Mohtadi founded Komala with fellow students in Tehran in October 1969. The year 1969 marks the founding date of the Komala Party. With the new party being alive, now Mohtadi and his fellow party members should put the best of their efforts to hide their track from the eyes of SAVAK. They decided to cut off the extra communications that would lead to their arrest, following the decision to refrain from further discussions in political circles. Because the Mohtadi family was known to the eyes, both in Kurdistan and Tehran, their homes were always a place for surveillance by SAVAK. During this time, Abdullah's older brother, Salahedin arrested several times by SAVAK to force young and passionate Abdullah more careful and not to take risks aimlessly. With all of the incidents, at this exact period Mohtadi knew well that the Shah's regime would deal severely with any political move in existence, by remembering the lessons of the Kurdish movement in the 60's. They had to consider all aspects of their activities and further try to bring this party into the populace and the support of the populace into the party, so that at the right time, they can wage an armed endeavor against the Shah's regime.

=== Mohtadi in 1970s ===

Despite all the efforts to remain in secrecy, in the 1970s, Mohtadi was arrested three times; with his last arrest, Abdullah sentenced to spend more than three years in imprisonment for his activism against the shah regime. Lastly, after the failure of SAVAK to provide any evidence regarding Mohtadi's political actions being, he released from prison and now, his party should cope with its most important era of the pre-Islamic Revolution Iran.

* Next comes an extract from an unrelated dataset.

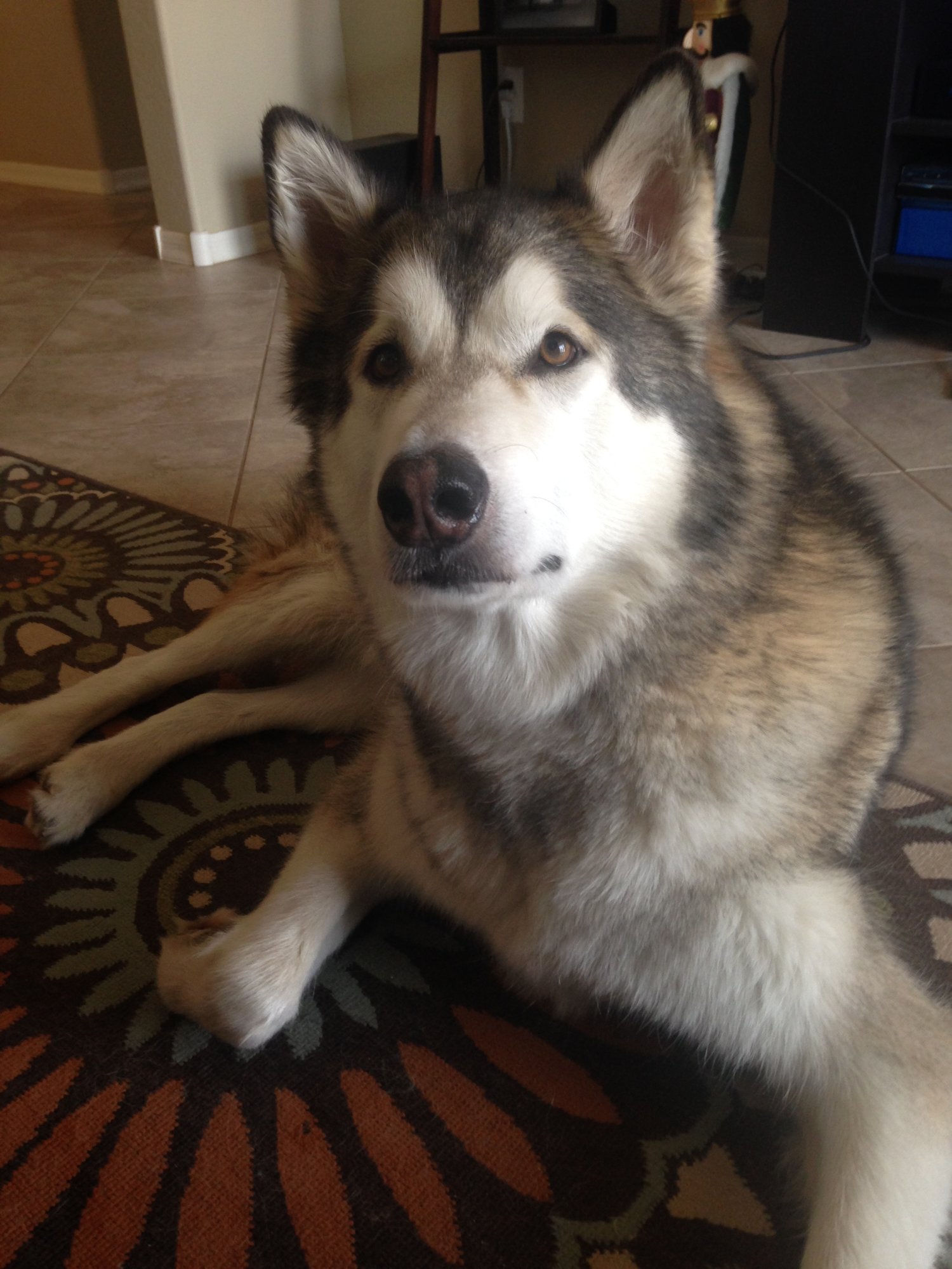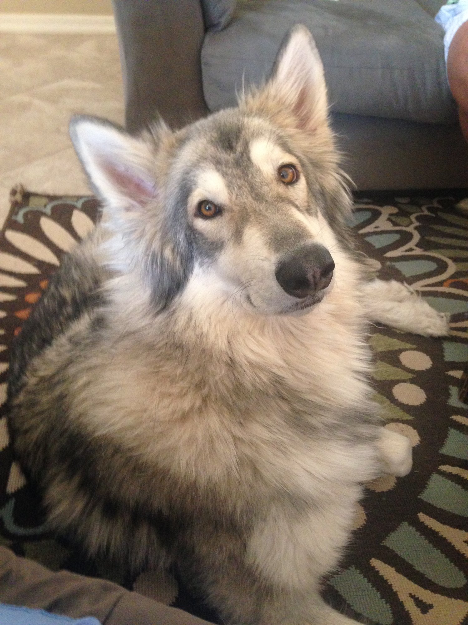 Fur mom to 2 sled masters: an Alaskan malamute and a malamute wolf hybrid

After his finale release from the prison, Mohtadi and his friends was gathering around every week to discuss the progress of their agenda. They contacted so many people and characters but they never directly asked anyone to engage in active fields. As for the newcomers, they were making sure of their commitment just before their engagement to the party.

After a while, they decided that their activity among the students should split into two separate groups, one active in Tabriz and the other one active in Tehran. A group with Abdullah Mohtadi, including Foad Mustafa Sultani, Mohammad Husein Karimi and Mosleh Sheikkhol-islami expanded their activities in Tehran. Through this process, Abdullah and his friends were able to attract many people for their own gain without absorbing the SAVAK's attention.

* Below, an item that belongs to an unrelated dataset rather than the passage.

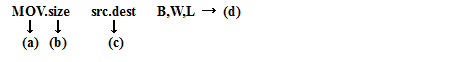 命令の構文を記号で示しています。(:format)を省略した場合、アセンブラが最適な指定子を選択します。

Soon after, with the arrival of members including Jafar Shafiee, Khane Moini, Ibrahim Alizadeh, Faroq Babamiri, Omar Ilkhanizadeh, Abobakr Modaresi etc. the period of Mohtadi and his friends' activity enters a new phase. Now they were able to expand the field of their sets of duty in other cities of Kurdistan and attract more people to themselves and their collective idea. Soon most of the elites across cities of Kurdistan were coming alongside the slogans of the new agenda. Most of the people they brought with them were students, teachers, engineers, physicians and nurses in Kurdistan. Now there were active people in almost all cities of Kurdistan. Nevertheless, the challenge for Abdullah and his friends was how to position themselves among all classes of Kurdish society, especially the labor and peasants. In order to accomplish this goal, they had to understand the reality of life of this very class of Kurdish society; so they set the simple idea of "we must be like them; to work like them, to dress and to behave just like them in daily life." With this simple idea in place their comprehension of the labor class came to a more comprehensive recognition, and furthermore, they could gain their trust for the upcoming endeavor against the Shah's regime.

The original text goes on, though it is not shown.